O mundo tal como nos fazem crer: a globalização como fábula
Este mundo globalizado,
visto como fábula, erige como verdade um certo número de fantasias, cuja
repetição, entretanto, acaba por se tornar uma base aparentemente sólida de sua
interpretação (Maria da Conceição Tavares, Destruição não criadora, 1999).
A máquina ideológica que
sustenta as ações preponderantes da atualidade é feita de peças que se
alimentam mutuamente e põem cm movimento os elementos essenciais à continuidade
do sistema. Damos aqui alguns exemplos. Fala-se, por exemplo, em aldeia global
para fazer crer que a difusão instantânea de notícias realmente informa as
pessoas. A partir desse mito e do encurtamento das distâncias — para aqueles
que realmente podem viajar — também se difunde a noção de tempo e espaço
contraídos. É como se o mundo se houvesse tornado, para todos, ao alcance da
mão. Um mercado avassalador dito global é apresentado como capaz de
homogeneizar o planeta quando, na verdade, as diferenças locais são
aprofundadas. Há uma busca de uniformidade, ao serviço dos atores hegemónicos,
mas o mundo se toma menos unido, tornando mais distante o sonho de uma
cidadania verdadeiramente universal. Enquanto isso, o culto ao consumo é
estimulado.
Fala-se, igualmente, com
insistência, na morte do Estado, mas o que estamos vendo é seu fortalecimento
para atender aos reclamos da finança e de outros grandes interesses
internacionais, em detrimento dos cuidados com as populações cuja vida se torna
mais difícil.
Esses poucos exemplos,
recolhidos numa lista interminável, permitem indagar se, no lugar do fim da
ideologia proclamado pelos que sustentam a bondade dos presentes processos de
globalização, não estaríamos, de fato, diante da presença de uma ideologização
maciça, segundo a qual a realização do mundo atual exige como condição
essencial o exercício de fabulações.
O mundo como é: a globalização como perversidade
De fato, para a grande
maior parte da humanidade a globalização está se impondo como uma fábrica de
perversidades.

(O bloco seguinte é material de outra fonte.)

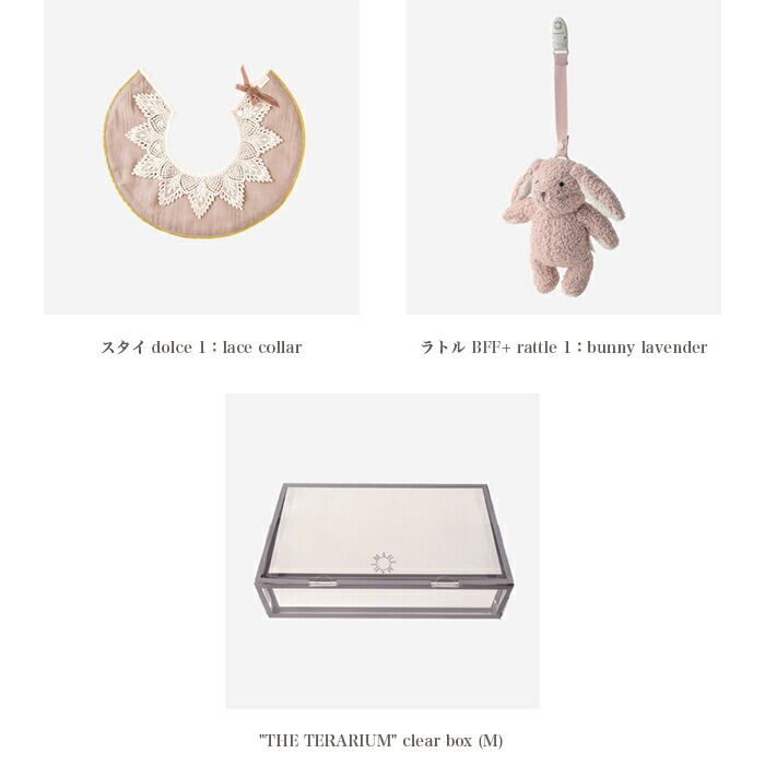 小さなうさぎのラトルとコットンレースをたっぷりあしらった花束のようなスタイのギフトセット。ベビーをやさしく包み込むようなピンクに囲まれて。

O desemprego crescente torna-se crónico. A pobreza aumenta e as
classes médias perdem em qualidade de vida. O salário médio tende a baixar. A
fome e o desabrigo se generalizam em todos os continentes. Novas enfermidades
como a SIDA se instalam e velhas doenças, supostamente extirpadas, fazem seu
retorno triunfal. A mortalidade infantil permanece, a despeito dos progressos
médicos e da informação. A educação de qualidade é cada vez mais inacessível.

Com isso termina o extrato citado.